Mark Fortescue - Feb. 5, 2009, 10:08 p.m.
Hi Meelis,

On sun4c, the only solution I ever managed to get close to working was a 
prom-based polling loop of the keyboard at the end of panic(). This only 
works when the processor is still running.

'soft lockups' (normally caused by recursion issues when I have 
encountered them) always ended in power-up reset because they stopped the 
processor. I ended up changing the soft lockup code to do a panic before 
things got too out of hand (ie always panic).
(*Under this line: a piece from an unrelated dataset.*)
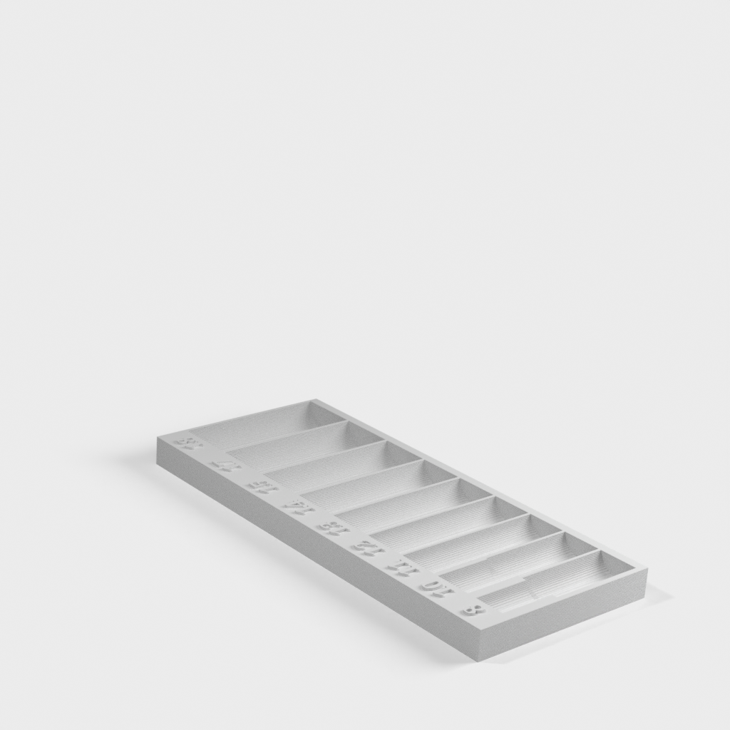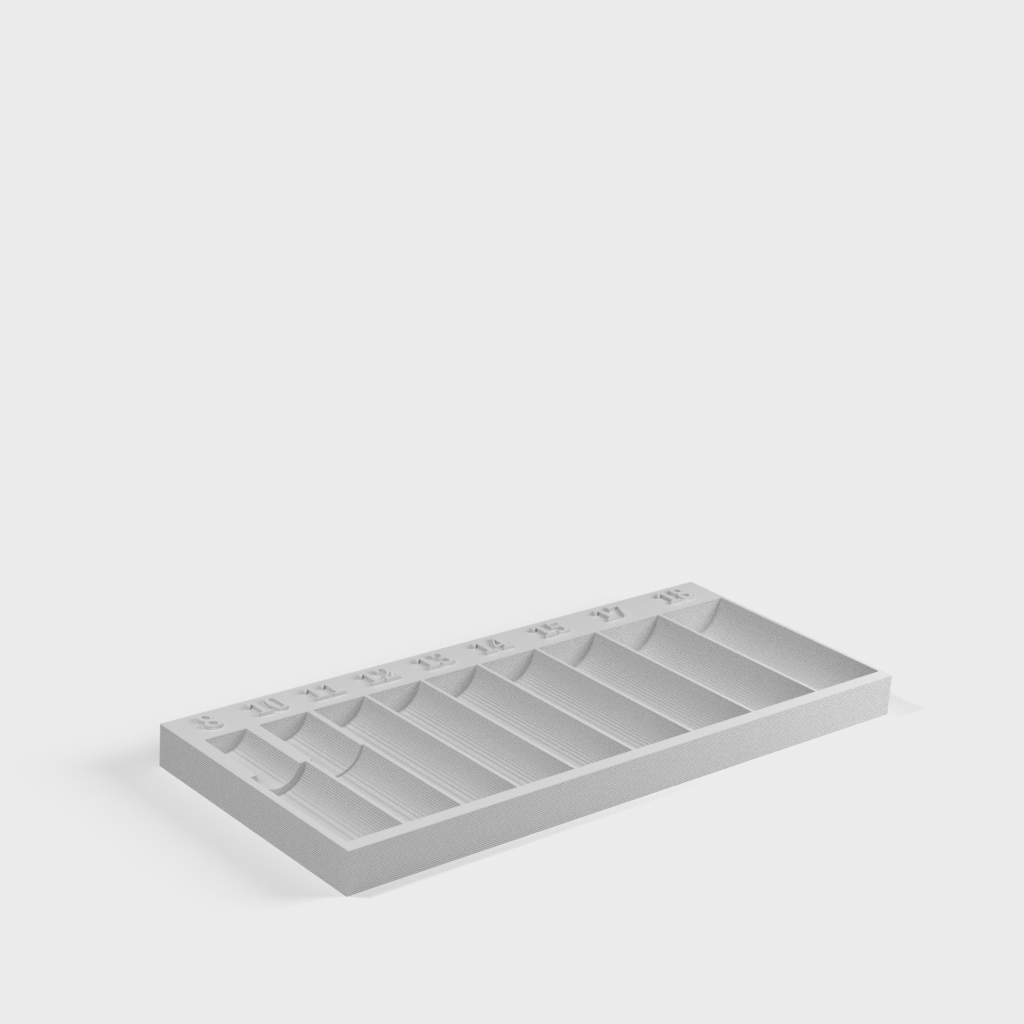 Organizeren er designet til at rumme toppe med en højde på cirka 64 mm og en diameter, der varierer fra 17 mm til 26 mm. Dette sikrer, at dine AutoCraft (eller lignende) toppe passer perfekt og forbliver på plads. Med denne organizer opnår du et bedre overblik over dit værktøj, hvilket gør det nemmere at finde den rette top hurtigt og effektivt, når du arbejder.
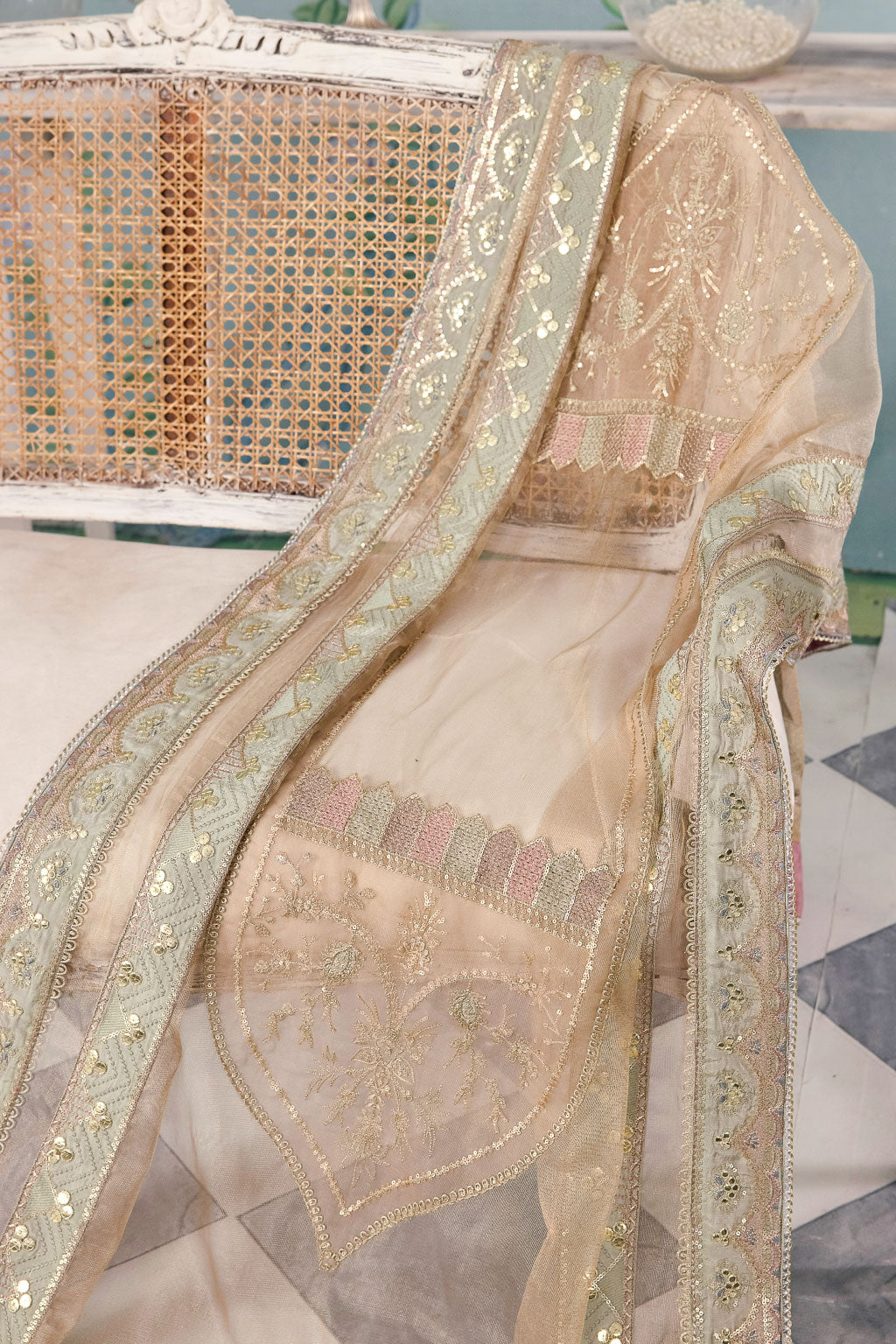 Dupatta: Embroidered Pure Zari Net (2.75 y)

This reduced the number of 
times I had to power cycle my aging hardware.

It was still an issue for me last time I did any kernel testing (2.6.23 
over a year ago) and if you are having the same issues I had (sparc 
processor hardware lockup) a power up reset each time, untill you can find 
and prevent the recursion issue, is the only option.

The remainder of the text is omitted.